S’agissait-il, là aussi, s’agit-il d’objets religieux? Le directeur du Centre universitaire du droit de l’art hésite quelques secondes avant de répondre par la négative pour le sarcophage romain, dont la valeur marchande atteint le million de francs. Pour l’icône chypriote, la réponse est clairement positive. En revanche, sa provenance exacte sur l’île reste pour l’instant inconnue.

L’histoire des restitutions colle à l’histoire des guerres et des pillages. L’historien d’art Frédéric Elsig cite la période iconoclaste de la Réforme, où des objets religieux ont été détruits ou ont été déplacés dans des terres restées catholiques, comme en Valais ou au Tessin. Le célébrissime retable de Konrad Witz «est un témoignage historique de la Genève catholique et une sorte de trophée», résume Frédéric Elsig.

L’historien de l’art évoque ensuite la politique de pillage menée par Napoléon et ses armées, qui fit suite aux destructions d’objets religieux durant la Révolution française. Et bien sûr, la guerre de 1939-1945, où les nazis pillèrent l’art à une grande échelle, non sans détruire des milliers de synagogues. Concernant les objets rapportés en France par l’empereur Bonaparte, ceux-ci ont en partie été récupérés par les vainqueurs, soit l’Allemagne et l’Autriche. D’autres dorment encore dans des musées. C’est le cas des Noces de Cana, tableau volé à Venise, qui se trouve au Musée du Louvre. Ou des frises de l’Acropole, installées à Londres, que le musée grec du même nom attend de pied ferme.

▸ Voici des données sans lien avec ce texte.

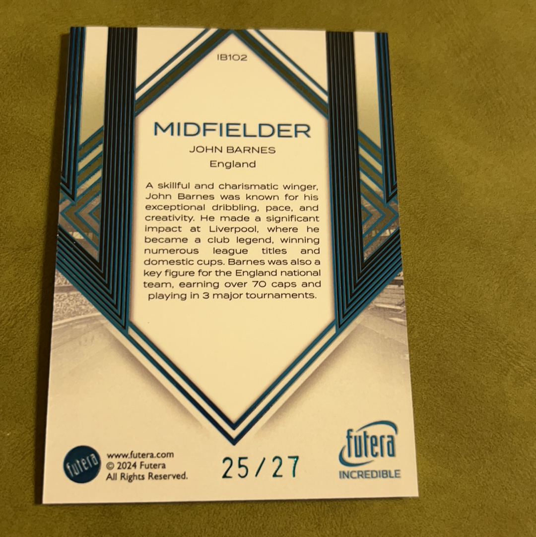 2024 Futera Futera Unique John Barnes 约翰 巴恩斯 英格兰 利物浦 纽卡斯尔联 传奇 名宿 25/27编 低编 收藏必备

Pas de formule juridique universelle

Le temps n’efface pas les demandes. «La restitution de bien spoliés par les nazis a sensibilisé le monde à ces questions et le phénomène s’est élargi à travers le concept des œuvres identitaires», indique Frédéric Elsig. L’Égypte, la Grèce, l’Italie, figurent en bonne place dans les pays demandeurs. Mais aucune formule juridique universelle n’existe pour régler ces cas de façon simple, même si le droit anglo-américain établit que l’acquisition de la propriété d’un objet volé n’est pas possible. D’où le principe de diplomatie culturelle mis en avant par l’UNIGE. Marc-André Renold évoque à ce sujet le cas récent d’une fiche de salaire signée de la main de Jean Calvin. Découverte en 2016 lors d’une vente aux enchères aux USA, ladite fiche a fait l’objet d’un échange de bons procédés entre le propriétaire de ce lot et le canton de Genève, qui refusait de payer pour une archive historique lui appartenant. C’est un mécène genevois, intéressé à faire bonne impression dans sa ville d’accueil, qui a réglé la note.

Mais comment vérifier les conditions du passage d’un objet cultuel ou religieux dans les mains d’un explorateur du XIXe siècle? Les biens exposés dans les musées ethnographiques ont-ils tous été spoliés? «Dans nombre de cas, les ethnologues ont acquis ces objets d’une façon légitime. Les acquisitions sont accompagnées de notes et autres documents qui peuvent permettre de retracer leur origine», explique Marc-André Renold. L’échange peut apparaître trouble a posteriori, comme pour la statuette de la divinité Ekeko, acquise par le Suisse Johann Jakob von Tschudi en 1858 contre, dit-on, une bouteille de cognac et restituée par Berne à la Bolivie en 2014.

Frédéric Elsig rappelle que l’Office fédéral de la culture finance des recherches en matière de provenance. Dans tous les cas, le mouvement de retour de ces objets symboliques est amorcé. C’est le cas en France, où le président Macron a initié dès 2017 un processus de restitution d’objets à l’Afrique. Dans les litiges, les arguments s’entrechoquent et tirent sur plusieurs ficelles. D’un côté, les communautés et pays d’origine ont droit de retrouver leurs sources. De l’autre, les collections muséales proposent un accès universel à ces œuvres, qu’ils contribuent à protéger.